A new StatsCan report looked at some 10,100 companies conducting business in Canada – publicly traded and private corporations, along with government business enterprises such as Canada Post – and found overall that just 18.1% of director seats were held by women in 2017; 61.2% had zero women, 27.7% had one female director and just 11.1% had more than one.
Starting in 2015, the Ontario Securities Commission required companies listed on the Toronto Stock Exchange to disclose the number and proportion of women on their boards, among other requirements. The percentage of women being appointed as new directors at Canada’s 100 largest companies by revenue actually slowed to 30% in 2018 from 40% in 2014-2017.
This is not from a lack of qualified female candidates. Thousands of smart, educated women have been certified as board candidates by the Institute for Corporate Directors and are trying to find an opening. Consciously or not, male-dominated boards are not making effective efforts to add them.
Not only is the status quo indefensible, but research published in the Journal of Empirical Science suggests it is also detrimental for business, sustainability and risk management. See Why female board representation matters: The role of female directors in reducing male CEO overconfidence.
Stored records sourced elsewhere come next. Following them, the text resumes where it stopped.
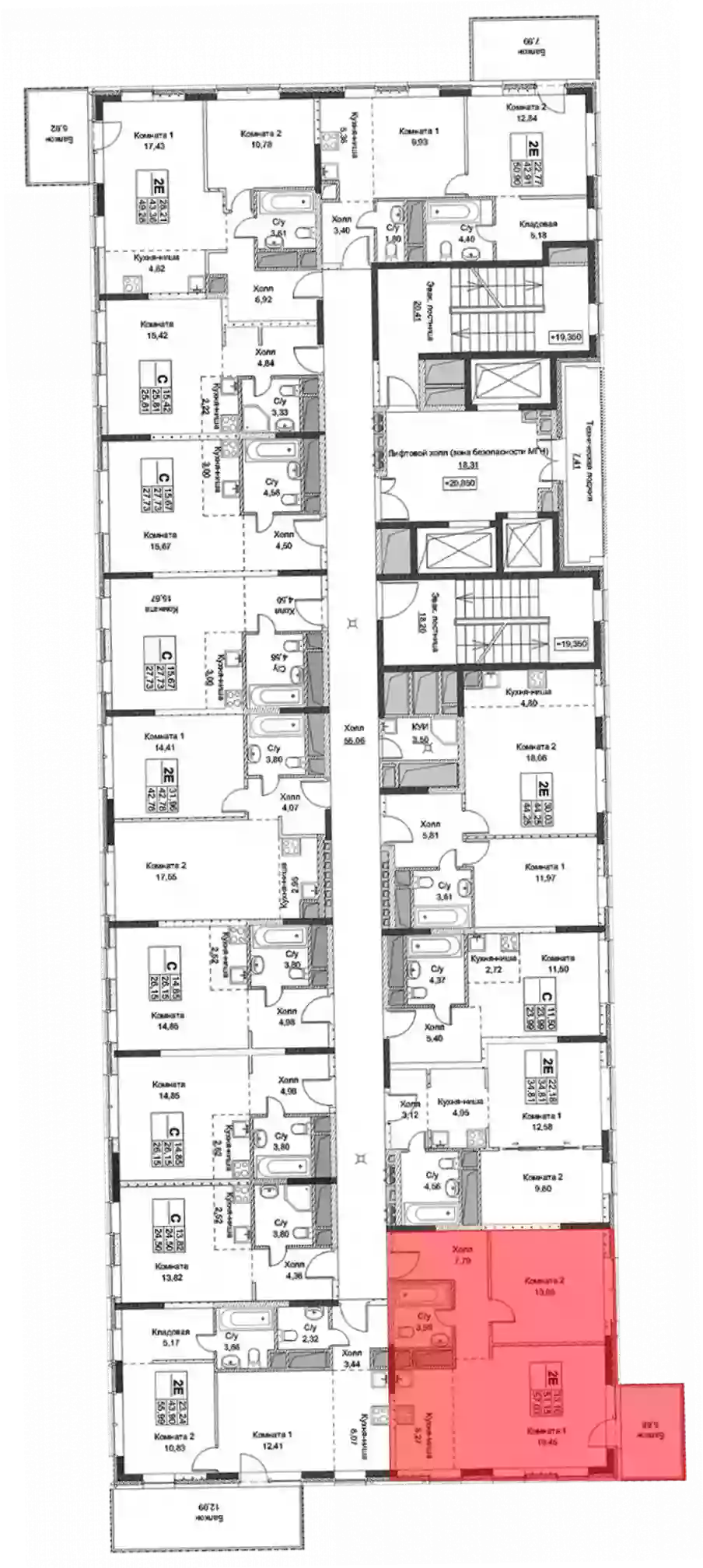 - Этажей в доме 20
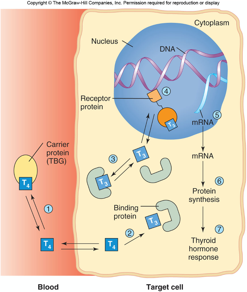 - Thyroxine (T4) travels to target cells on thyroxine-binding globulin (TBG).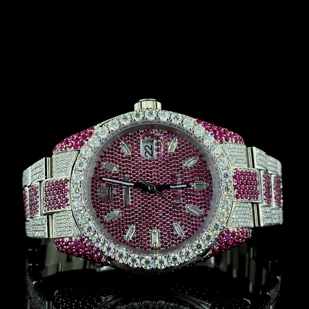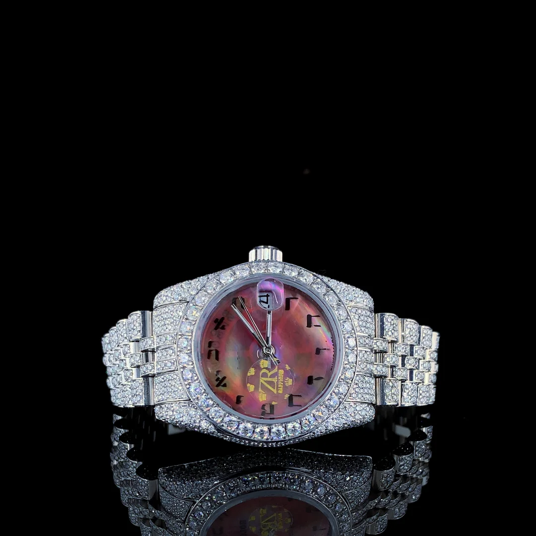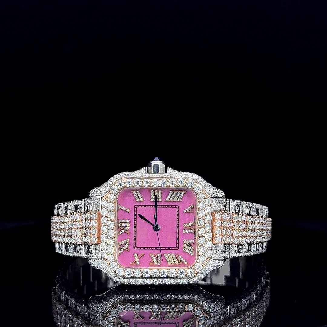 VVS Moissanite Diamond Full Iced Men's Watch Stainless Steel Quartz Movement Business Sport Style White Pink Dial Birthday Gift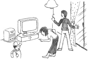 그렇죠, 한 가족이 이제 막 나가려고 하는 참이네요. 대화를 하고 있는 사람은 A가 아버지, B가 어머니일까요? A는 [みんな大丈夫だ(다 괜찮군)]와 같은 남성어를 사용하고 있는 남성, B는 [(~ている) わ((~있네)요)]를 사용하고 있으니까 여성이군요.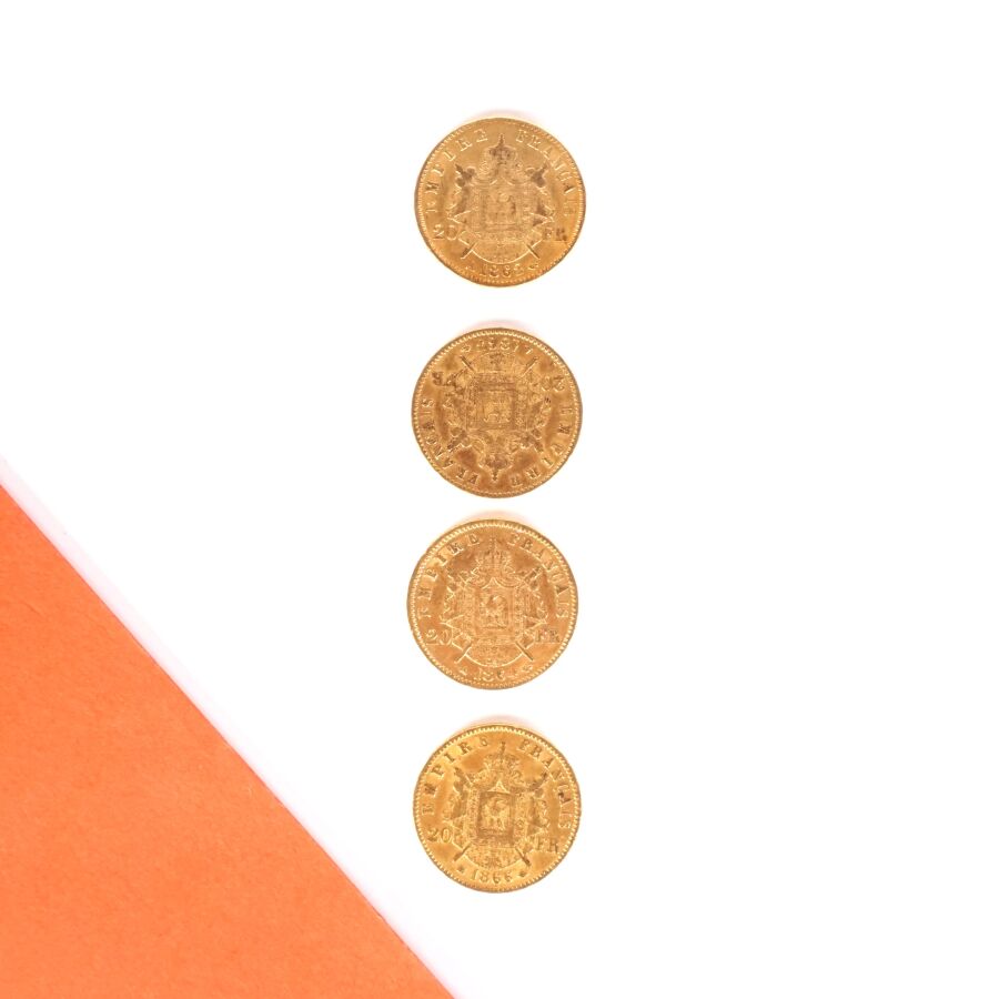 4 x 20 Francs or, Napoléon tête laurée, 1 x 1862 A, 1 x 1863 A, 1 x 1864 A et 1 x 1866 B, Poids brut : 25.7 g environ.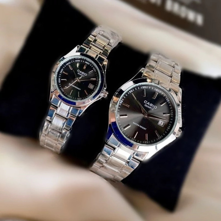 ست ساعت مردونه و زنونه کاسیو casio استیل صفحه مشکی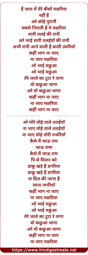 Lyrics of O Bhai Machua Tere Jale Ka Tuta - ओ भाई मछुआ तेरे जाले का टुटा

As reported in the Harvard Business Review female board members help to temper the overconfidence of male CEOs and improve overall decision making for the company:
One benefit of having female directors on the board is a greater diversity of viewpoints, which is purported to improve the quality of board deliberations, especially when complex issues are involved, because different perspectives can increase the amount of information available. At the same time, research has found that female directors tend to be less conformist and more likely to express their independent views than male directors because they do not belong to old-boy networks. So a board with female directors might be more likely to challenge the CEO and push him to consider a wider range of options, as well as pros and cons, when making strategic firm decisions. This could then attenuate CEO overconfidence and correct for potentially biased beliefs.